9 de maio de 2014

Água minério abaixo - Colônia de exploração

Maíra Gomes
Açucena (MG)

Oito projetos de minerodutos assombram Minas Gerais. Três deles já estão em operação, e levam os minérios de Mariana até o Espírito Santo, de propriedade da Samarco e Vale. Outro, da Anglo America, em fase de obras, liga o município de Conceição do Mato Dentro ao Rio de Janeiro.

“Um estudo mostrou que com a água usada em cinco minerodutos dava para abastecer em média 40% da Região Metropolitana de Belo Horizonte (RMBH). Com os oito projetos em discussão no estado, possivelmente se poderia abastecer toda a RMBH, que tem 5 milhões de habitantes”, compara Luiz Paulo Guimarães de Siqueira, do Movimento dos Atingidos pela mineração e da Campanha pelas águas e contra o mineroduto da Ferrous.

Ele afirma que o modelo de mineração na lógica de exportação dos minérios in natura não traz nenhum benefício à população. “Levam nossas riquezas embora e deixam o rastro de destruição pra traz”, diz. O militante aponta que com a cobrança de apenas 2% dos royalties para o Estado, o povo mineiro fica 98% mais pobre a cada dia.

Município revoga autorização ambiental e dá exemplo para outros da região

Quatro estão em fase de licenciamento, com destino ao Espírito Santo, onde serão construídos portos para escoamento dos minérios para o exterior. Um deles, da empresa Sul Americana Metais (SAM), coloca em risco a já pouca água do Norte de Minas. Outros dois são projetos da empresa Ferrous, que juntos devem levar 265 milhões de toneladas por ano de minérios do estado. O último é o caso da empresa Manabi, que deve fazer o escoamento de minérios explorados na cidade de Morro do Pilar, em Minas, até Linhares, no Espírito Santo, em 530 km, impactando 23 municípios.
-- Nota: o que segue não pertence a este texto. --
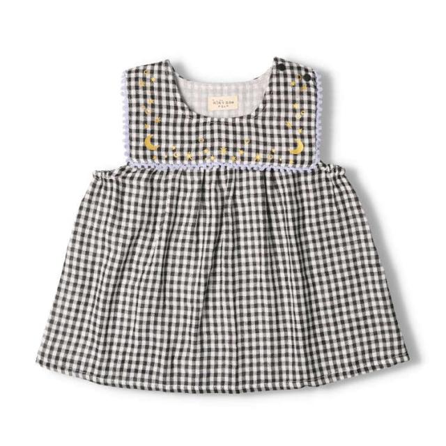 ガーゼを二重にしたWガーゼ素材の柔らか素材でベビーにもオススメなギンガムチェック柄のチュニック。衿の星や月の刺繍がアクセントになっています。インナーを変えて長く着られるアイテム。ブラック×ホワイト、ライトブルー×ベージュの2色展開。【アイテム】ロングスリーブ 長袖 プレゼント ギフト プルオーバー 赤ちゃん服 ベビー服 贈り物 トップス 無地 シンプル ガーリー カジュアル お洒落 オシャレ かわいい 可愛い 普段着 デイリーウェア お出かけ着 子ども こども 女児 女の子 ガールズ キッズ ベビーサイズ 幼稚園 保育園通園 2023年秋冬物新作 丸高衣料 黒色 白色 水色 青色 キッズズー コットン100% 綿100%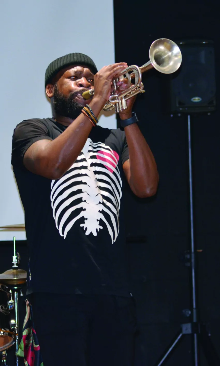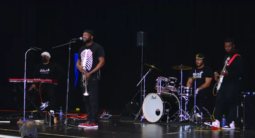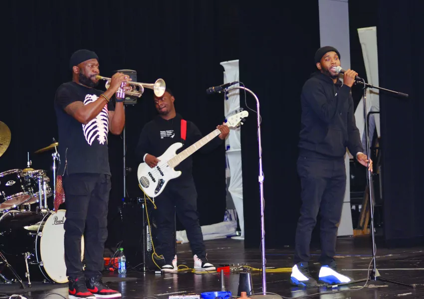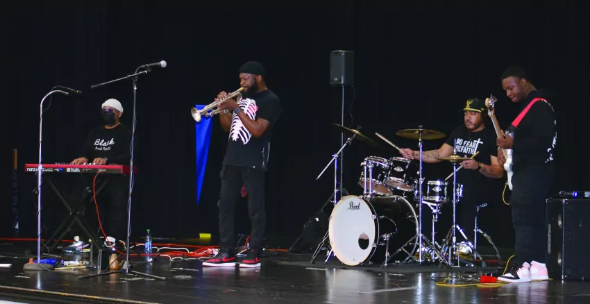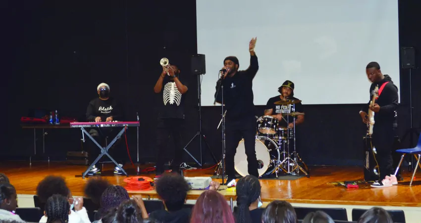 Rodney Block, trumpet; Roosevelt Harris, vocalist; Dre Franklin, piano; D'Shawn Lampkin, bass guitar; and Jonathan Burks on drums performed a variety of music styles including Jazz, Afrobeats, R&B and Gospel. The audience danced and sang to several songs including “This Little Light of Mine.” Blocked talked to the students about how his roots began in gospel music and started playing his trumpet in band. He advised the students to listen to a variety of music and that band and choir is often where a music career begins. Block said learning never ends and that people in a variety of professions have graduated from Dumas High School. He advised students to lead with kindness and love in your heart; make good decisions and try hard to resolve conflict without violence.

A prefeita de Açucena, uma das cidades impactadas, Darcira de Souza Pereira (PT) conta que nunca tinha ouvido falar do empreendimento quando a empresa entrou em contato para pedir a assinatura da anuência. “A Manabi já havia deixado um modelo pronto, inclusive com um ‘xizinho’ para eu assinar. Descobrimos que já haviam feito sondagem em diversas partes da cidade e até mesmo negociações com proprietários rurais por onde deve passar o mineroduto”, conta.

A decisão da prefeita surpreendeu muita gente. Além de não assinar a anuência, ela decidiu revogar a declaração já aprovada. A resposta da empresa foi imediata, pressionando para que a gestora reverta sua decisão. “Não é fácil, sinto pressão de todos os lados. O que tenho observado é que a empresa tem uma lógica muito violenta de assédio”, avalia Darcira.


Armadilhas e exemplo

Atualmente a empresa busca a licença prévia, junto ao Ibama, já que o empreendimento cortaria dois estados do país. Para que seja aprovado o Estudo de Impactos Ambientais (EIA/RIMA) que conquista a licença, é necessário que todos os municípios afetados entreguem dois documentos: a Declaração de conformidade com o Uso e Ocupação do Solo e a Declaração de Anuência.

Darcira se atenta às armadilhas colocadas por essas obras, que trazem a promessa de empregos e desenvolvimento. “Há uma ilusão temporária de crescimento, mas com o fim das obras ficam os problemas. O que gera é violência, aumento da prostituição, uso de drogas e crianças sem pais”, diz. Ela avalia que pequenos municípios não estão preparados para receber um grande contingente de trabalhadores, com pouca estrutura de políticas públicas como moradia, saúde e educação.

A atitude da prefeita de Açucena ecoou por outros municípios afetados pelo empreendimento da Manabi e outros locais vítimas de projetos de mineração. “É uma luta muito ampla, contra um inimigo muito grande, de R$ 5 bilhões, que é o custo total do empreendimento. Precisávamos lançar mão de todas as forças possíveis”, declara Sammer Siman, militante das Brigadas Populares, movimento que acompanha a luta desde o início.

O caso de Açucena foi debatido no Seminário “Mineração: Qual o custo para Açucena, a bacia do Santo Antônio e o Brasil?”, nos dias 26 e 27 de abril. “O que se espera é que a articulação toque outras prefeituras para tomarem a mesma atitude [da prefeita de Açucena] e que a articulação pressione os governos federal e estadual para que barrem o mineroduto da Manabi”, avalia Sammer. Outro seminário será realizado no mês de julho, na cidade de Ferros.